Are you on libasync or libevent?

dariusc93 commented 9 years ago

libevent. Whatever is default in vibe.d

etcimon commented 9 years ago

@etcimon Is there a build available for use that I could installed via deb?

Not sure, I know you can find it on http://dlang.org/download though

dariusc93 commented 9 years ago

Oh wow, I was never aware of 2.067 becoming stable. I will run a quick test and come back with results shortly.

etcimon commented 9 years ago

Here's my valgrind massif analysis on fedora 20

    KB
301.4^#                                                                       
     |#::::::::::::@::::@:::@:::::::::::::@::::@@:::::::::@:::::@::::@:::::@::
     |#:::: :::::: @::::@:::@:::::::::::::@::::@ ::: :::::@:::::@::::@:::::@::
     |#:::: :::::: @::::@:::@:::::::::::::@::::@ ::: :::::@:::::@::::@:::::@::
     |#:::: :::::: @::::@:::@:::::::::::::@::::@ ::: :::::@:::::@::::@:::::@::
     |#:::: :::::: @::::@:::@:::::::::::::@::::@ ::: :::::@:::::@::::@:::::@::
     |#:::: :::::: @::::@:::@:::::::::::::@::::@ ::: :::::@:::::@::::@:::::@::
     |#:::: :::::: @::::@:::@:::::::::::::@::::@ ::: :::::@:::::@::::@:::::@::
     |#:::: :::::: @::::@:::@:::::::::::::@::::@ ::: :::::@:::::@::::@:::::@::
     |#:::: :::::: @::::@:::@:::::::::::::@::::@ ::: :::::@:::::@::::@:::::@::
     |#:::: :::::: @::::@:::@:::::::::::::@::::@ ::: :::::@:::::@::::@:::::@::
     |#:::: :::::: @::::@:::@:::::::::::::@::::@ ::: :::::@:::::@::::@:::::@::
     |#:::: :::::: @::::@:::@:::::::::::::@::::@ ::: :::::@:::::@::::@:::::@::
     |#:::: :::::: @::::@:::@:::::::::::::@::::@ ::: :::::@:::::@::::@:::::@::
     |#:::: :::::: @::::@:::@:::::::::::::@::::@ ::: :::::@:::::@::::@:::::@::
     |#:::: :::::: @::::@:::@:::::::::::::@::::@ ::: :::::@:::::@::::@:::::@::
     |#:::: :::::: @::::@:::@:::::::::::::@::::@ ::: :::::@:::::@::::@:::::@::
     |#:::: :::::: @::::@:::@:::::::::::::@::::@ ::: :::::@:::::@::::@:::::@::
     |#:::: :::::: @::::@:::@:::::::::::::@::::@ ::: :::::@:::::@::::@:::::@::
     |#:::: :::::: @::::@:::@:::::::::::::@::::@ ::: :::::@:::::@::::@:::::@::
   0 +----------------------------------------------------------------------->Gi
     0                                                                   4.651

It shows a 301.4KB memory usage peak for 4.65 billion instructions (running apache bench), no signs of leaks

dariusc93 commented 9 years ago

Is this with 2.066 or 2.067?

etcimon commented 9 years ago

I don't use anything but 2.067

etcimon commented 9 years ago

I did find a leak in libasync though, I'm going to fix that one

dariusc93 commented 9 years ago

Okay, I am running a test with loader.io with my app being compiled with 2.067. So far, memory doesnt spike up fast but it does slowly moves up but doesnt release anything. Is GC being called anytime to clean up the memory or is it all allocated and wont be reallocated?

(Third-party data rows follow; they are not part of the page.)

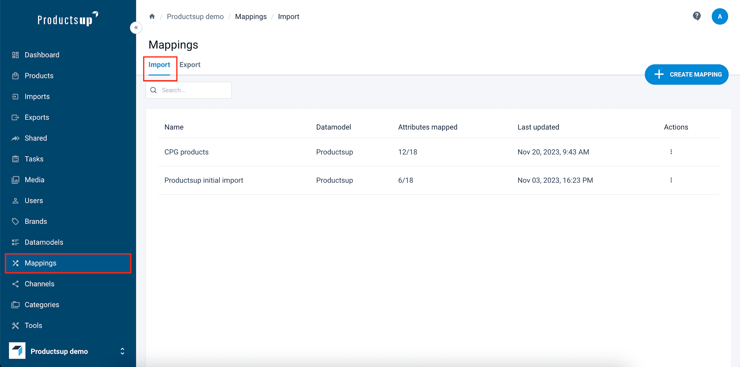 - Go to Mapping and find the necessary mapping in the Import tab.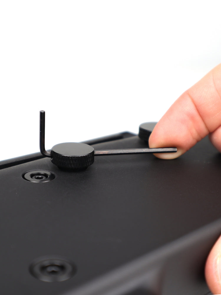These screws are anodized semi-matt black and have a nice diamond knurling on the side. Additionally they have a hole for the Allen key (the same one used for TDC adjusting) so you can easily tighten or loosen the screws beyond what you can with your fingers!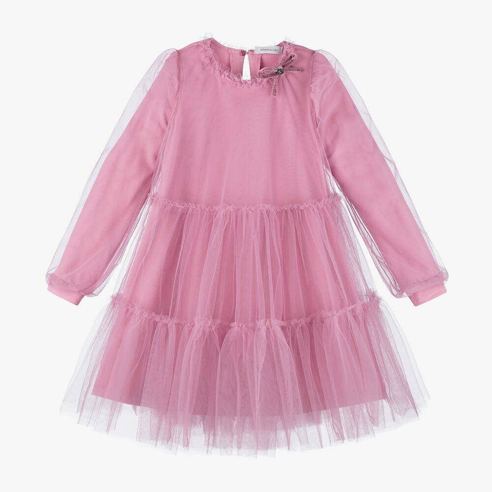 In a lovely rich shade of pink, this long-sleeved dress for girls by Monnalisa is made in tiered layers of soft tulle. Both stylish and comfortable, it is lined in soft and stretchy cotton jersey, with gently ribbed cuffs and a single button fastening on the back. The rounded neckline is trimmed with a ruffle and, for a pretty finish, there is a velvet bow and silver heart logo charm stitched on one side.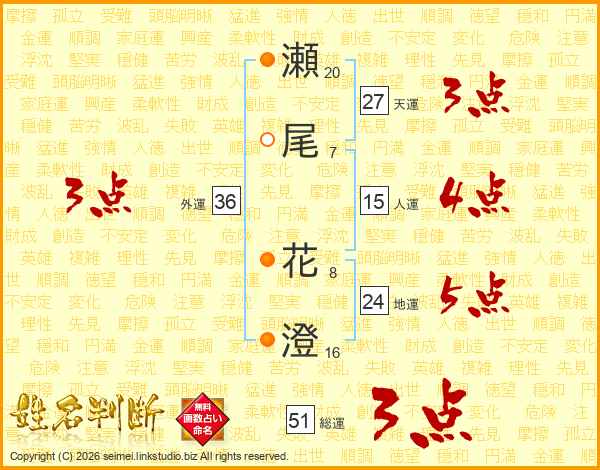 瀬尾花澄さんの総運は51画の3点!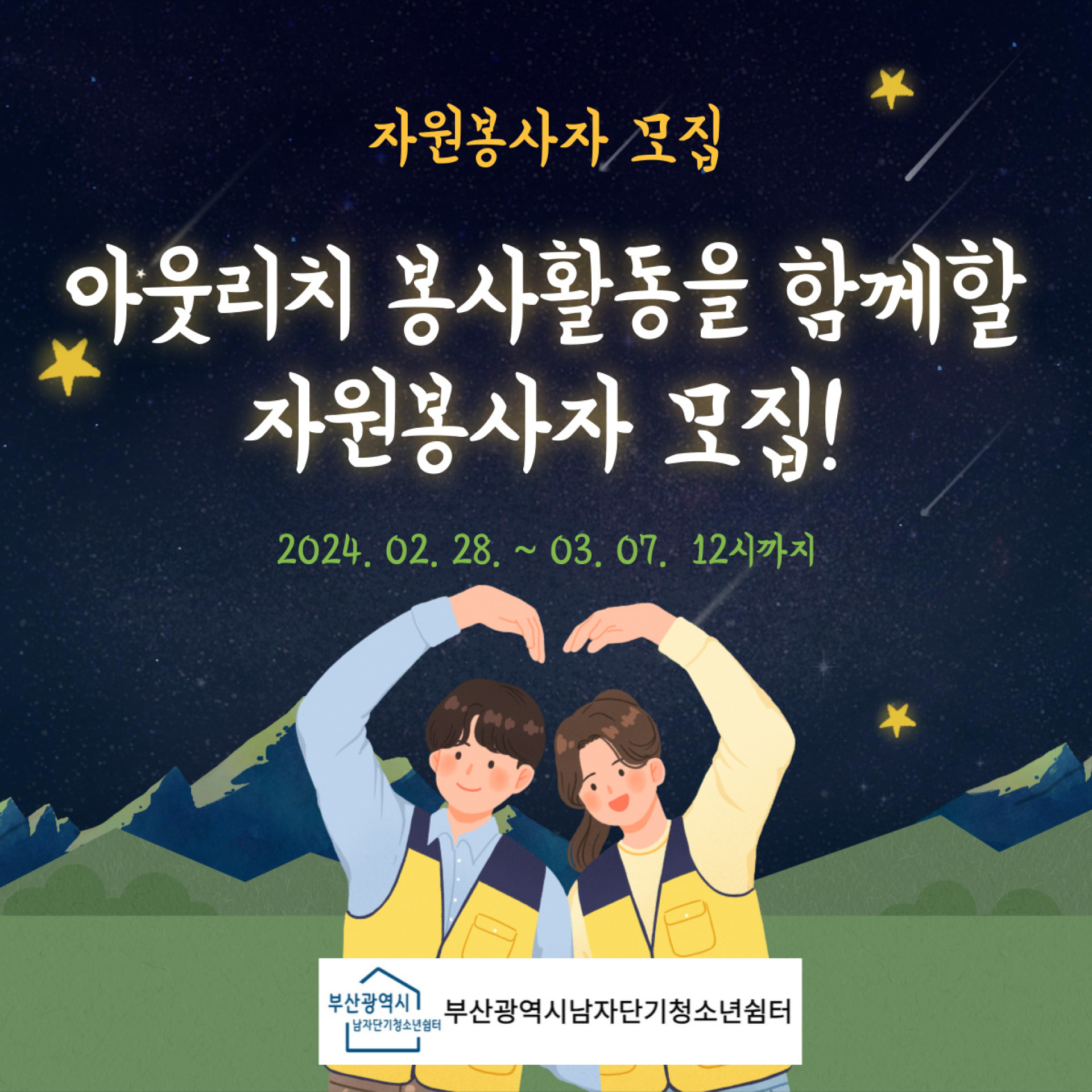 부산광역시남자단기청소년쉼터 아웃리치 자원봉사자 모집

etcimon commented 9 years ago

So far, memory doesnt spike up fast but it does slowly moves up but doesnt release anything. Is GC being called anytime to clean up the memory or is it all allocated and wont be reallocated?

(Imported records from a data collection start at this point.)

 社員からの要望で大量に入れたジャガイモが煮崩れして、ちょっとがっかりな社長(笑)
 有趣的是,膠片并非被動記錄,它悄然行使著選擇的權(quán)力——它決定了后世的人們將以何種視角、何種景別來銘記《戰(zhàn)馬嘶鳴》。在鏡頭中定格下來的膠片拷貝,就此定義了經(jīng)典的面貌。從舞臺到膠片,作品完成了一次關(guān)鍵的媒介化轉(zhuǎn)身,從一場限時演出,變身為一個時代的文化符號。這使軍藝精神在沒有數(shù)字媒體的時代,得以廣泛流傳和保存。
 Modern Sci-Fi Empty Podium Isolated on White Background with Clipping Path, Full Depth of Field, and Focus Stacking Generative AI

The GC calls collection throughout the execution and frees everything it can. What's your numbers?

dariusc93 commented 9 years ago

After 15000 connections per second it shows 4.9% with it being at 787M. GC isnt kicking in even wile idle.

etcimon commented 9 years ago

What about apache bench?

dariusc93 commented 9 years ago

@etcimon Sorry I thought i replied to this. What information do you want from Apache Bench?